Work instructions: Pictures in the entries below are excluded; copy only the lines from the one containing "TEMU 여성용 새로운" to the one containing "Experience refined elegance", both included.

Stored data:

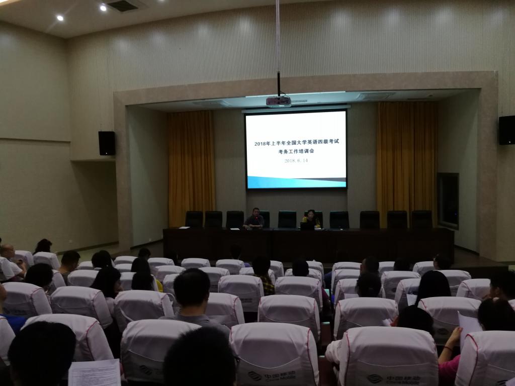 6月14日下午三点半,我校教务处在图书馆学术报告厅举行2018年6月全国大学英语四六级考试监考培训会。教务处处长郭家林、副处长刘亮、李冬梅,承担本次四六级监考的65名教师参加了培训会,会议由郭家林主持。
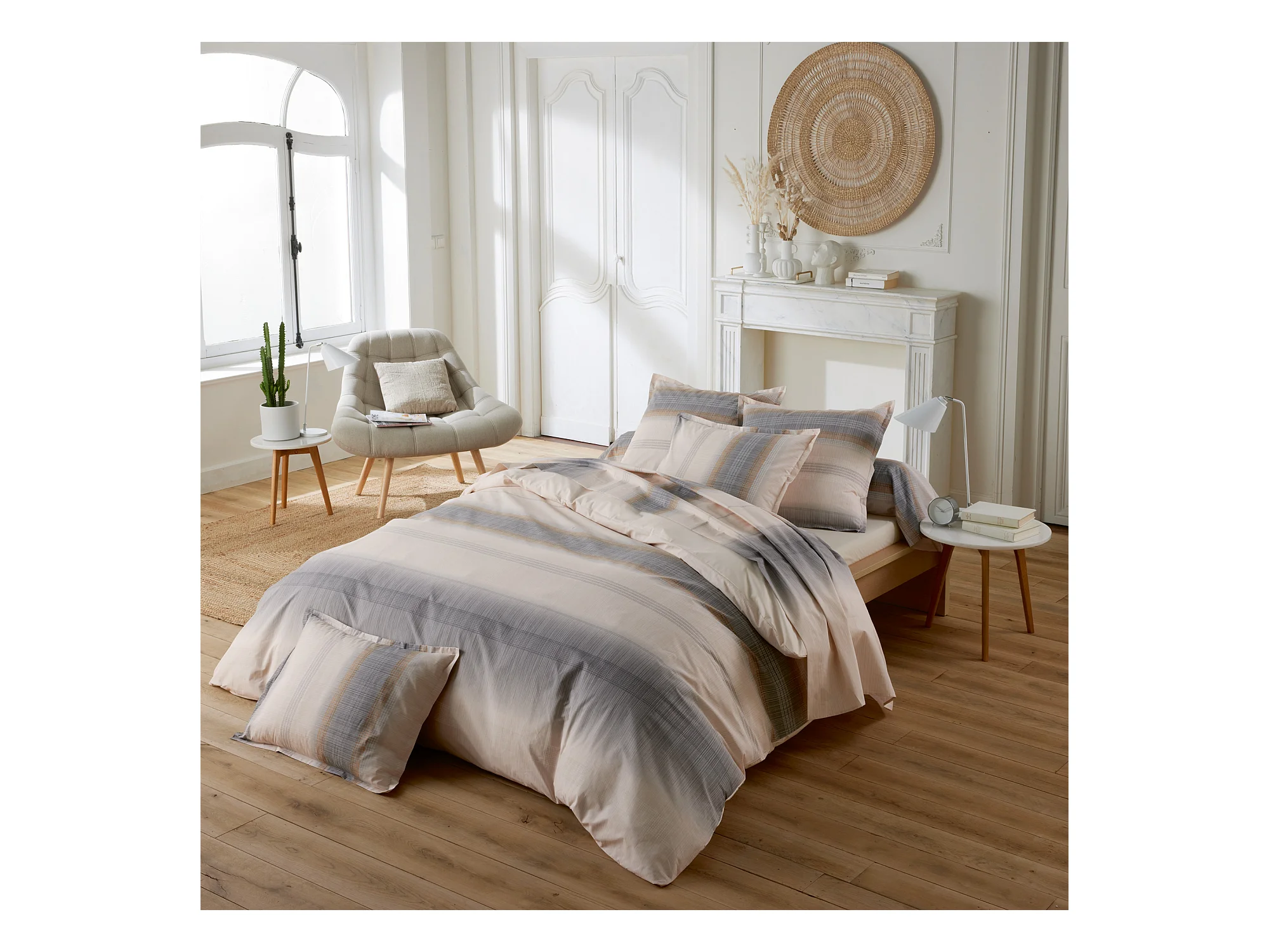 Parure de lit 140x200 cm 65x65 cm percale ESTEBAN beige 2 pièces
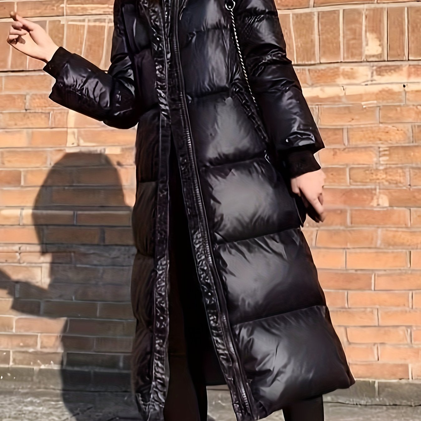 TEMU 여성용 새로운 두꺼운 겨울 긴 블랙 코트, 반짝이는 루즈핏, 트렌디한 아우터.
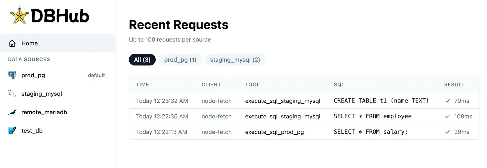 Compared with other database MCP servers, DBHub comes with an admin console to view configured data sources and trace SQL requests.
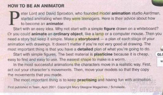[id137718112|Людмила Клевцова],Питер Лорд и Дэвид Спрокстон, который основал модель анимационной студии Aardman, начал анимации, когда они были подростками. Здесь есть свои советы о том, как стать аниматором.
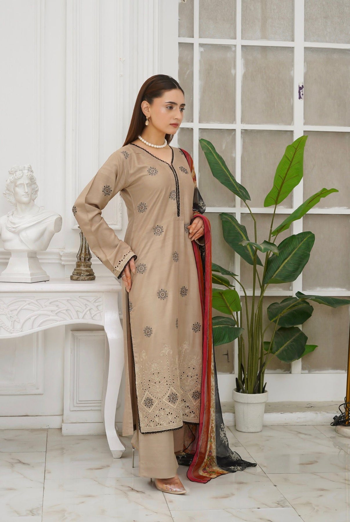 Experience refined elegance with this meticulously crafted linen suit, featuring exquisite embroidered embellishments throughout. The premium linen fabric delivers superior breathability and a refined drape, ideal for warm climates and formal occasions alike. Each piece is thoughtfully constructed as a ready-to-wear ensemble, eliminating the need for additional styling considerations. The included chiffon dupatta provides layering versatility and completes the sophisticated look. This collection piece exemplifies quality craftsmanship, combining traditional embroidery techniques with contemporary tailoring for a timeless wardrobe staple.
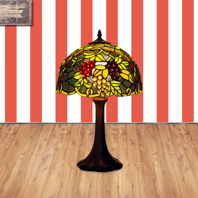 Green Stained Glass Grapevine Night Light: Table Lamp With Tiffany-Inspired Bronze Finish
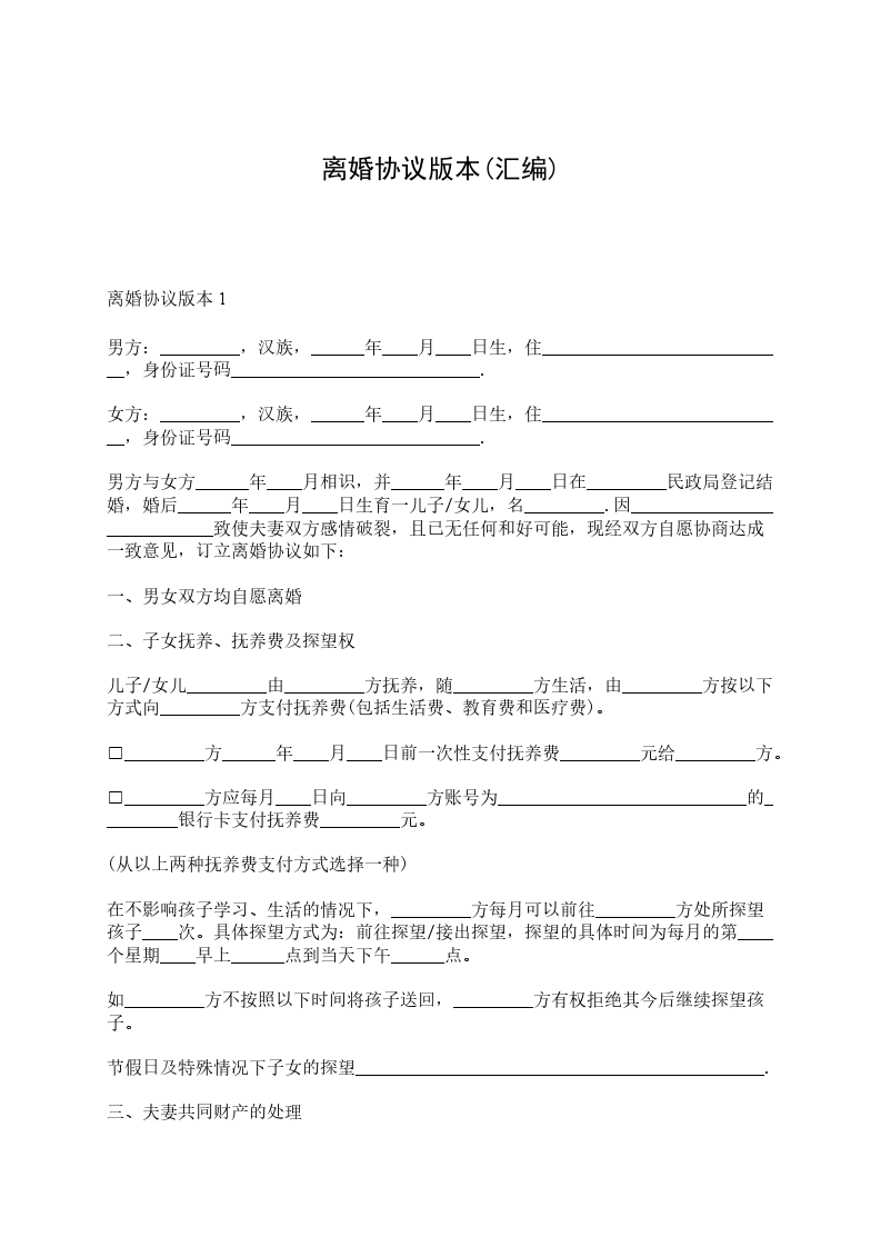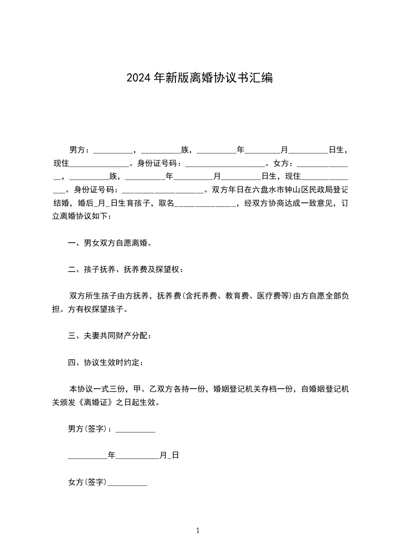 六、本离婚协议一式叁份,双方各执一份,婚姻登记机关存档一份,在双方签字,并经婚姻登记机关办理相应手续后生效。
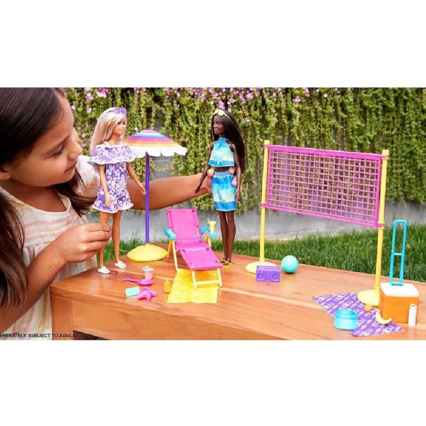 O cenário de um dia na praia da Barbie tem tudo que ela precisa para curtir esse dia ensolarado da melhor maneira!
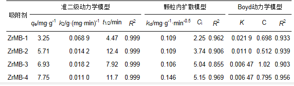 表 2 動(dòng)力學(xué)模型對(duì)鋯改性膨潤(rùn)土吸附水中磷酸鹽動(dòng)力學(xué)過程的擬合結(jié)果
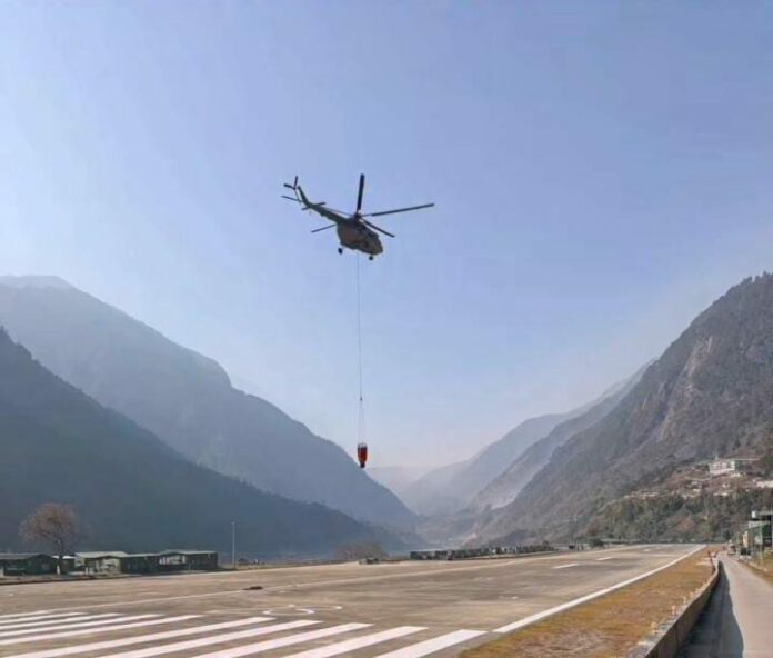 At Walong in Anjaw district, helicopters dropped a total of 139,800 litres of water to contain a major blaze that broke out on the night of February 13. The fire had engulfed parts of the town, triggering panic among residents and prompting emergency measures.
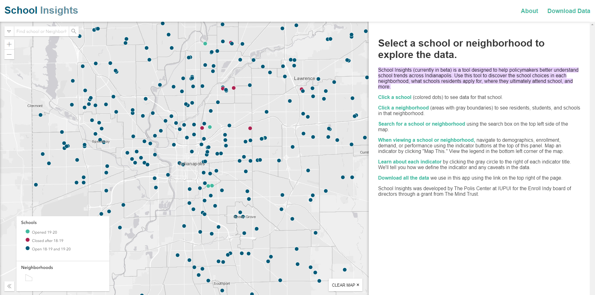 Indianapolis has one of the most diverse school choice landscapes in the country. This makes it difficult to evaluate the need for school capacity in neighborhoods. Using data from Indianapolis’ unified enrollment system, Polis built a web app designed to help policymakers better understand school trends across Indianapolis. It shows school demand, quality, and demographics alongside neighborhood data to guide decisions about where to approve new charter schools.
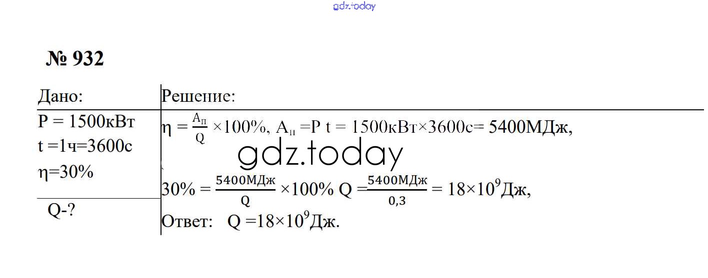 Ответы к Тепловые явления Решение. 8 класс 932 Сборнику задач по Физике для 7-9 класса Перышкин, Лонцова Экзамен УМК 2016
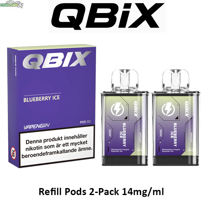 - Förfylld e-juice: Varje QBIX-pod är förfylld med högkvalitativ e-vätska i olika smaker, vilket eliminerar behovet av påfyllning.
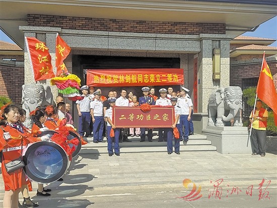 最近,秀屿区组建“送奖报喜团”来到东峤镇珠江村,将二等功喜报、二等功臣之家牌匾送到消防员林剑航家中,让家属共享这份荣耀。全媒体记者 林英 摄
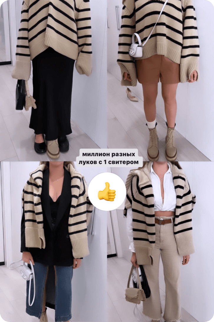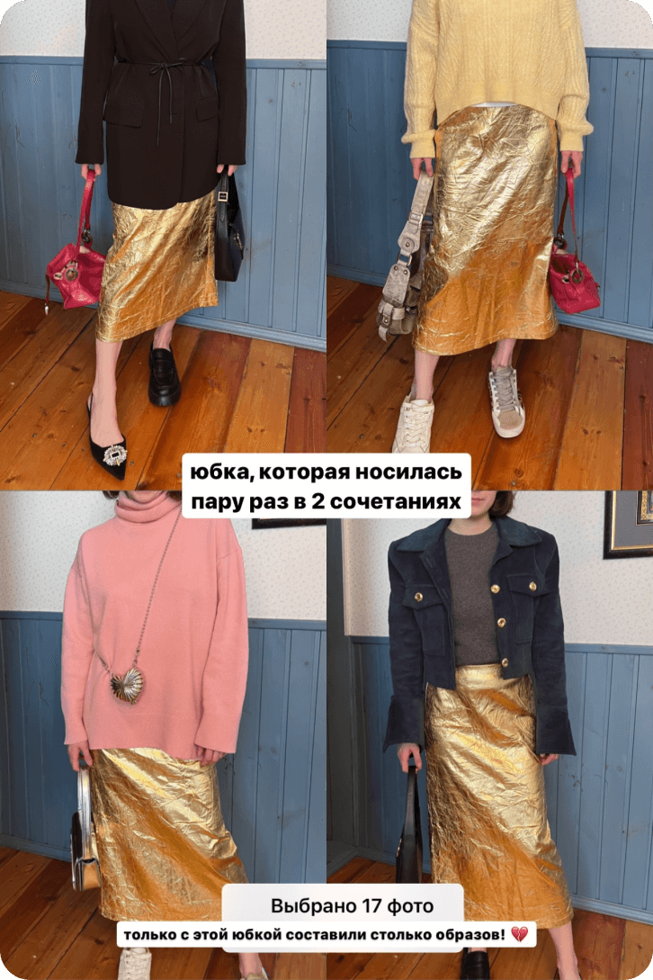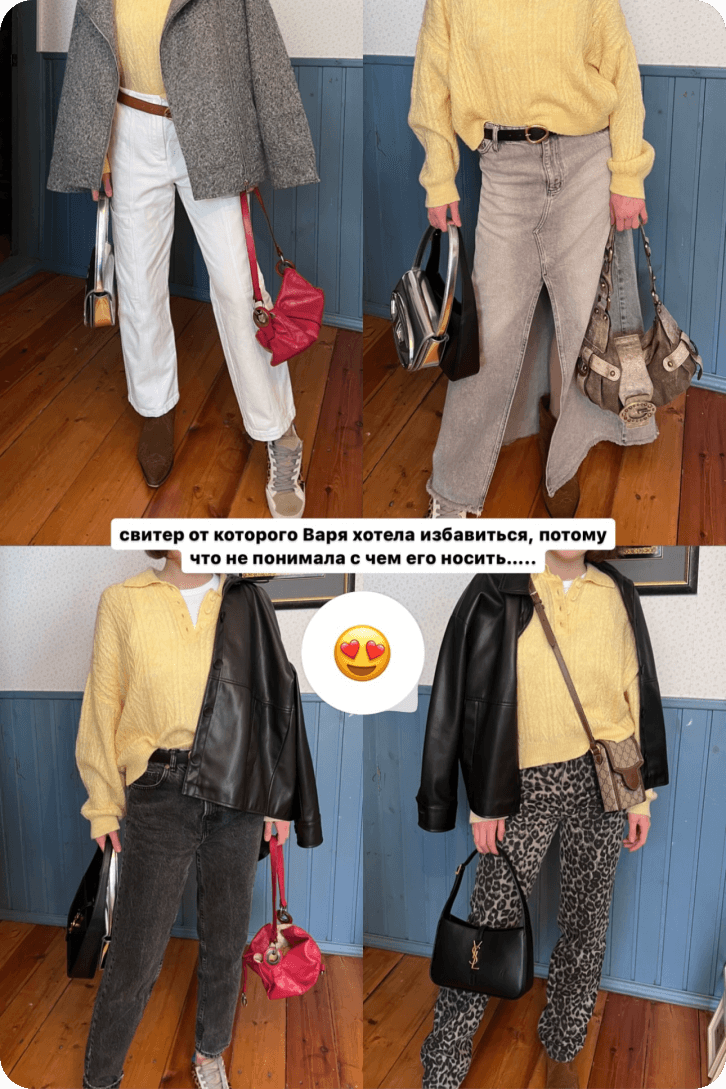 Вроде из тех же самых вещей луки составляю, а мне на работе коллеги говорят «боюсь представить, сколько ты тратишь на вещи в месяц, у тебя наверно гардероб огромный», а по факту это просто сочетания от тебя!!
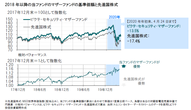 2020年2月半ば以降、新型コロナウイルスの感染が世界的な大流行(パンデミック)となる中で、世界の株式市場は大きく変動しました。当ファンドが投資を行うセキュリティ関連企業の株式についても、こうした流れとは無関係ではいられず、当ファンドのマザーファンドの基準価額は2020年年初来、足元(4月24日)までで、-13.5%の下落となりました。一方、先進国株式の平均(円換算ベース)は、-17.4%の下落であり、当ファンドのマザーファンドの基準価額は、市場平均に比べると下落幅は抑えられました。

Result of this exercise:
 TEMU 여성용 새로운 두꺼운 겨울 긴 블랙 코트, 반짝이는 루즈핏, 트렌디한 아우터.
 Compared with other database MCP servers, DBHub comes with an admin console to view configured data sources and trace SQL requests.
[id137718112|Людмила Клевцова],Питер Лорд и Дэвид Спрокстон, который основал модель анимационной студии Aardman, начал анимации, когда они были подростками. Здесь есть свои советы о том, как стать аниматором.
 Experience refined elegance with this meticulously crafted linen suit, featuring exquisite embroidered embellishments throughout. The premium linen fabric delivers superior breathability and a refined drape, ideal for warm climates and formal occasions alike. Each piece is thoughtfully constructed as a ready-to-wear ensemble, eliminating the need for additional styling considerations. The included chiffon dupatta provides layering versatility and completes the sophisticated look. This collection piece exemplifies quality craftsmanship, combining traditional embroidery techniques with contemporary tailoring for a timeless wardrobe staple.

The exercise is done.